Nuraga untuk Mereka yang Berbeda…
Sekolah harusnya adalah sebuah ”taman”. Bahwa kebutuhan pendidikan anak bisa sangat beragam dan tak bisa disamakan. Menjadi inklusif, sadar, dan menerima perbedaan harusnya ada di sekolah.
Sekolah itu tamannya siswa. Jadi jangan jadikan melati menjadi mawar. (KH Dewantara)
Sebuah pesan inklusif dari Ki Hajar Dewantara, yang diucapkan seorang narasumber, menjadi benang merah pada acara pameran ilustrasi, peluncuran, dan bedah buku Nuraga Sang Guru: Sebuah Kisah Kebhinekaan dalam Pendidikan Inklusif dan Menumbuh dan Membumi: Anakku, Anakmu, Anak Ibu Pertiwi, Kamis (11/05/2023), di Universitas Negeri Malang.
Pesan itu sejatinya mengajak kita untuk menyadari dan menerima perbedaan.

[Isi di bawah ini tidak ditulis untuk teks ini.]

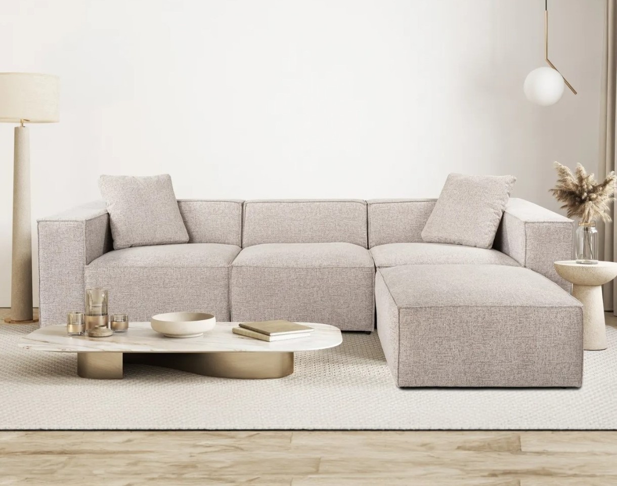 Canapea de colț Trendy Lora L1-O1-1R-POUFFE Mocha 303x193x65cm GTR003640

Bahwa sebuah taman akan indah jika mawar, melati, tumbuh berdampingan dengan daun yang menghijau, serta tanah basah yang coklat menyegarkan. Dan sekolah, harusnya adalah sebuah ”taman”.
Bahwa sosok siswa beserta kebutuhan pendidikannya bisa sangat beragam dan tak bisa disamakan. Ada anak biasa dan ada anak berkebutuhan khusus. Menerima perbedaan dan hidup dengan kesadaran penuh bahwa banyak hal berbeda di sekitar kita harusnya ada di sekolah.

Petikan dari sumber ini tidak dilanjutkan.